In einer Ergänzungswahl Gewählte bleiben bis zur nächsten Hauptwahl im Amt.

§ 15 Zeichnungsberechtigung

Urkunden, durch die rechtliche Verpflichtungen der Genossenschaft begründet werden, müssen zu ihrer Gültigkeit vom Obmann und zwei Ausschussmitgliedern gefertigt werden. Andere Schriftstücke fertigt der Obmann allein.

§ 16 Geschäftsperiode

Die Geschäftsperiode beträgt drei Jahre. Das Geschäftsjahr beginnt mit dem 1. Jänner und endet mit dem 31. Dezember. Die Voranschläge werden für jeweils ein Jahr  erstellt. Die Abrechnung ist jährlich vorzunehmen.
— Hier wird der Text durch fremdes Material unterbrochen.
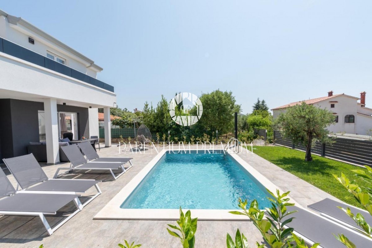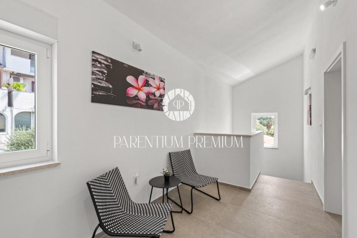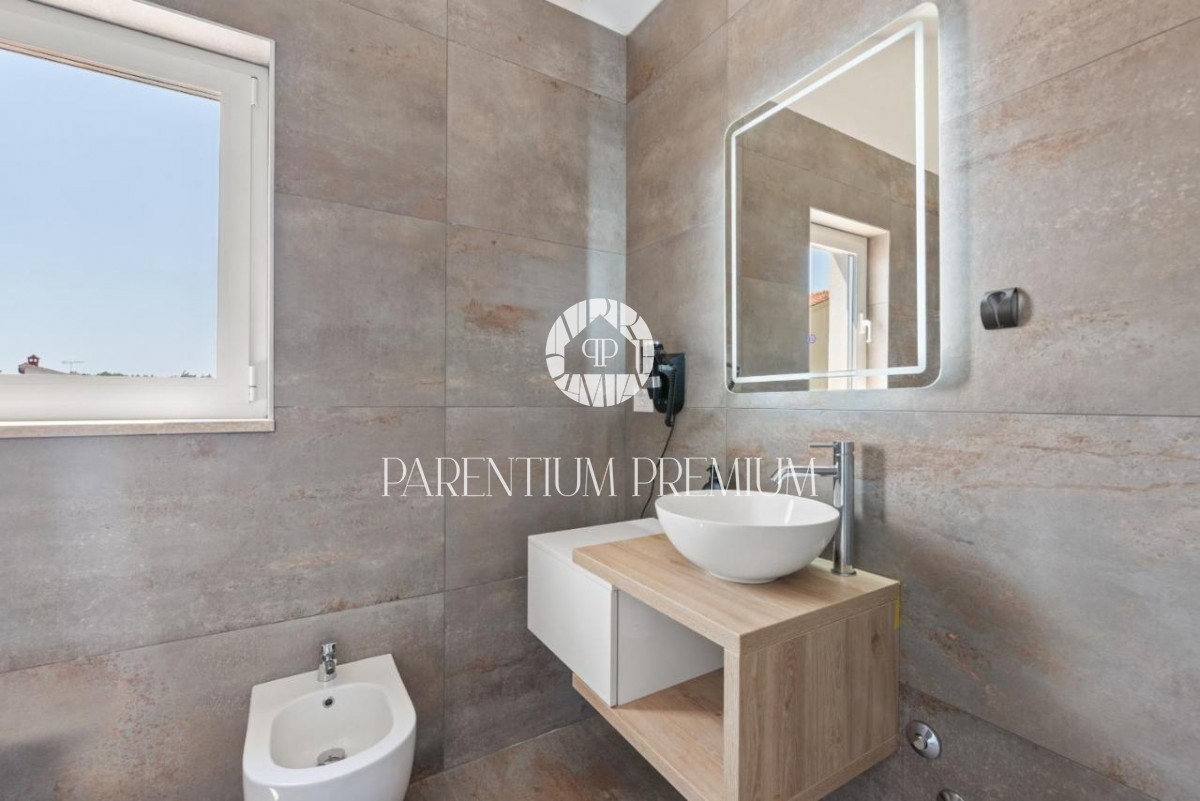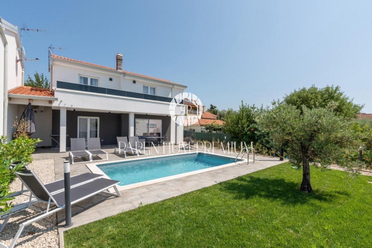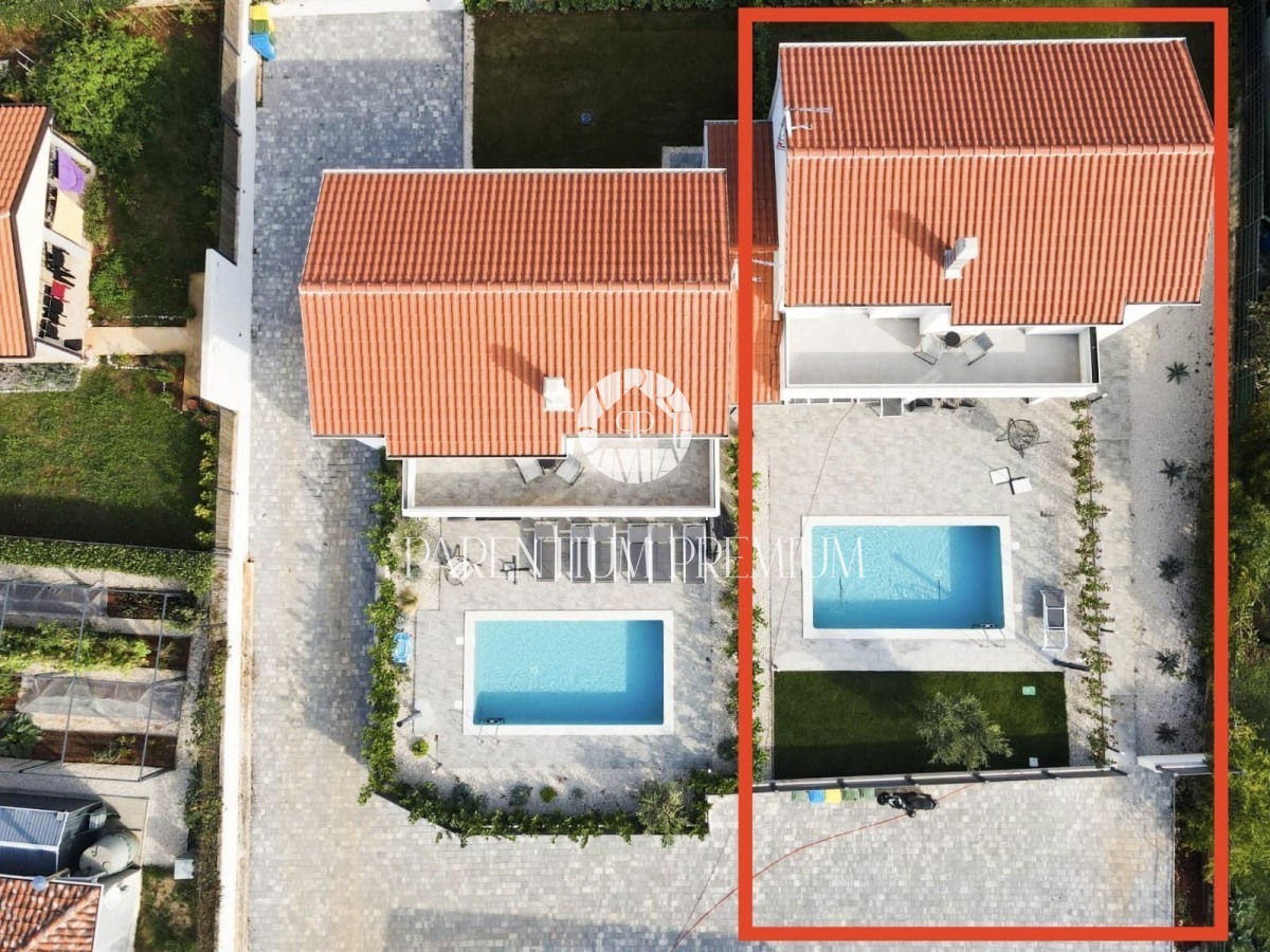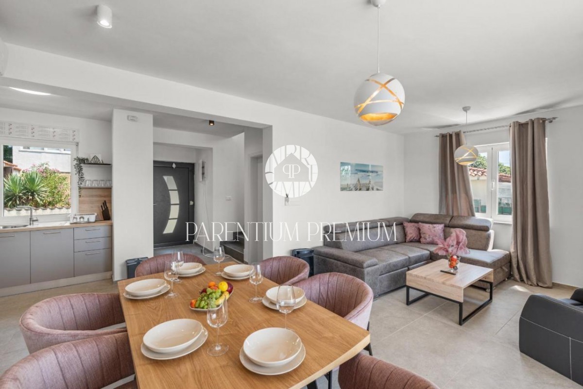 Istra, Poreč V neposredni bližini mesta Poreč in morja se prodaja ta odlična hiša dvojček z bazenom 160m2. Hiša je razdeljena na 2 etaži. Pritličje je sestavljeno iz predsobe, spalnice z lastno kopalnico, ki vodi na sončno teraso in bazen, kuhinje z jed

§ 17 Streitigkeiten aus dem Genossenschaftsverhältnis

Streitigkeiten, die zwischen den Mitgliedern der Genossenschaft untereinander, zwischen diesen und der Genossenschaft oder zwischen Organen der Genossenschaft aus dem Genossenschaftsverhältnis entstehen, werden vom Schlichtungsausschuss entschieden.
Erst wenn diese Entscheidung nicht anerkannt wird, kann die Wasserrechtsbehörde angerufen werden.

§ 18 Auflösung der Genossenschaft

Die beabsichtigte Auflösung der Genossenschaft ist der Wasserrechtsbehörde zwecks Wahrnehmung der Interessen der Genossenschaftsgläubiger und der Genossenschaft allenfalls obliegenden wasserrechtlichen Verpflichtung anzuzeigen.
Die Auflösung der Genossenschaft kann nach Erfüllung ihrer Verbindlichkeiten gegenüber Dritten erfolgen, wenn dies mit einer Mehrheit von 2/3 der Stimmen der bei einer hierüber einberufenen Mitgliederversammlung anwesenden Mitglieder, im Falle eines Umlaufbeschlusses mit einer Mehrheit von 2/3 der Stimmen aller Mitglieder beschlossen wird und die Wasserrechtsbehörde der Auflösung zustimmt.
Gleichzeitig mit der Auflösung der Genossenschaft hat die Mitgliederversammlung über die Verwendung des nach Erfüllung der Verbindlichkeiten gegen Dritte und der allenfalls von der Wasserrechtsbehörde vorzuschreibenden Bedingungen verbleibenden Genossenschaftsvermögens und der Forderungen gegenüber Dritten zu entscheiden. Die Durchführung des betreffenden Beschlusses obliegt dem zuletzt im Amte befindlichen Obmann, sofern die Mitgliederversammlung nicht anderes beschließt.